After researching, pick a school with confidence that this is the right one for your child and your family and know that no school is perfect. Talk to your child about all the positive features and what would interest them. Talk about the teachers, use their names and let your child know that the teachers are there for them. Communicate other special features like field trips the kids will go on, animals in the classroom, etc. Keep it simple and positive.
Starting preschool is a huge milestone for your child – and you! You will both have mixed emotions and this is very normal. Your child is venturing into the world for the first time and this is the start of many, many years of school. They will feel excited about a new “big kid” accomplishment, but nervous to leave your side and the comforts of home.
Don’t forgot to ask them if they have any questions!
Simple excitements like making new friends, packing a lunchbox or using the fun playground equipment are a lot of fun, so don’t worry too much. This is a normal progression and your child should not feel like it is such a big deal or else they may feel stressed. Prepare them well and lead them in calmly with these tips…
Visit Preschool Together
Schedule a visit for your family. Some schools will let your child sit in on an activity or lunch. This way they will feel comfortable once school starts since they have already been there and seen kids interacting and having fun.
Visit The Library
Your library or bookstore has tons of resources for children going through transitions. You can pick up some books on preschool lessons and activities and try some out at home. Start a few weeks before doing lunchtime at the same time as school. Let them eat their lunch out of a lunchbox. Do an activity like painting, play cooking, or washing baby dolls – something typical at a preschool.
Look at some books about children going to school. Ask your child how the kid in the book could be feeling when saying bye to mommy or daddy. Ask them what looks like fun about preschool or what may be a little different than their usual day. This is a nice way for your child to understand the feelings that may come up and you can show them ways to work through them (like drawing a photo of your family dog or your house when they are missing you).
Send Them With Love
Send your child with some comforts of home. A blanket that smells like dad, a favorite sippy cup, a family photo, a stuffy, etc. Pack lunch together so he has some favorite foods. Go early on the first day so you have a bit of time to help ease the transition. You can hang out to see how they feel and encourage them to visit with other students. Once they are involved in an activity, then it is time for you to go. Don’t show any emotion you don’t want your child to feel. They WILL be able to tell!
Get them involved in getting ready to attend preschool. Have them help you pick out a lunch box or some play clothes. Making them apart of it, this will give them some power and help with anxiety if there is some.

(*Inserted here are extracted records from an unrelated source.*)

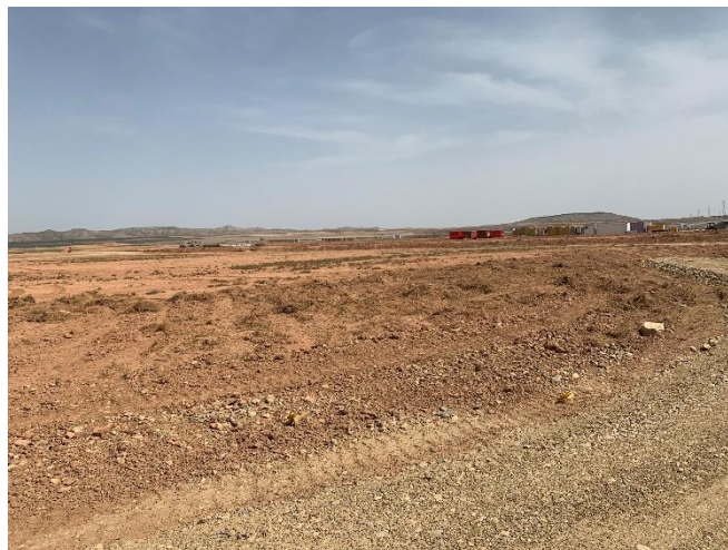
Figura 4 Esparcido de la tierra vegetal

Los acopios de tierra vegetal procedentes de los desbroces, fue segregada a principios de este mes.
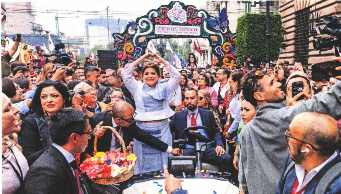
La jefa de Gobierno encabezó, a bordo de un carro de golf, la Caravana de la Capital de la Transformación, que inició en el Eje Central y 5 de Mayo hacia el Zócalo, donde la esperaban representantes de pueblos originarios.
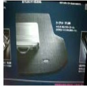
レヴォーグ カーゴマット

Talk to them about their routine. After breakfast it will be time to go to preschool and mommy or daddy will pick you up after nap (or whenever it is). Don’t lie! Yes, you will be leaving them but ensure them you WILL be back in no time to pick them up. Sneaking out is never a good option, it will add more stress for your child. Always say goodbye!
Overall: Minimize stress!
This doesn’t mean running back to them if you see them crying. If you go back, your child may be more stressed. The teacher should know how to handle these situations.
Remember: the more okay you are, the more okay your child will be. You have to make it okay for them. They will feel your stress, so mask it well. This will probably be harder for you than your child. Your child may cry for 5 minutes and will be playing happily in no time, you however may be crying all morning!! 🙂
A typical reaction to a big transition like starting preschool is reverting back to old bad habits or issues you thought you were already finished with. For example, maybe your child hasn’t had a “potty” accident in months. Starting this new transition could bring this back. This is very NORMAL so don’t worry. It won’t last once they feel comfortable going to school.
The transition could cause your child to cling to you when they weren’t interested before. Yes, they want so desperately to be a “big kid” but it inevitably will be hard for them. They may start asking for a paci or blanket more often. Nurture them if they need it. It too will pass.
Don’t forget to have a special place at home to hang their projects!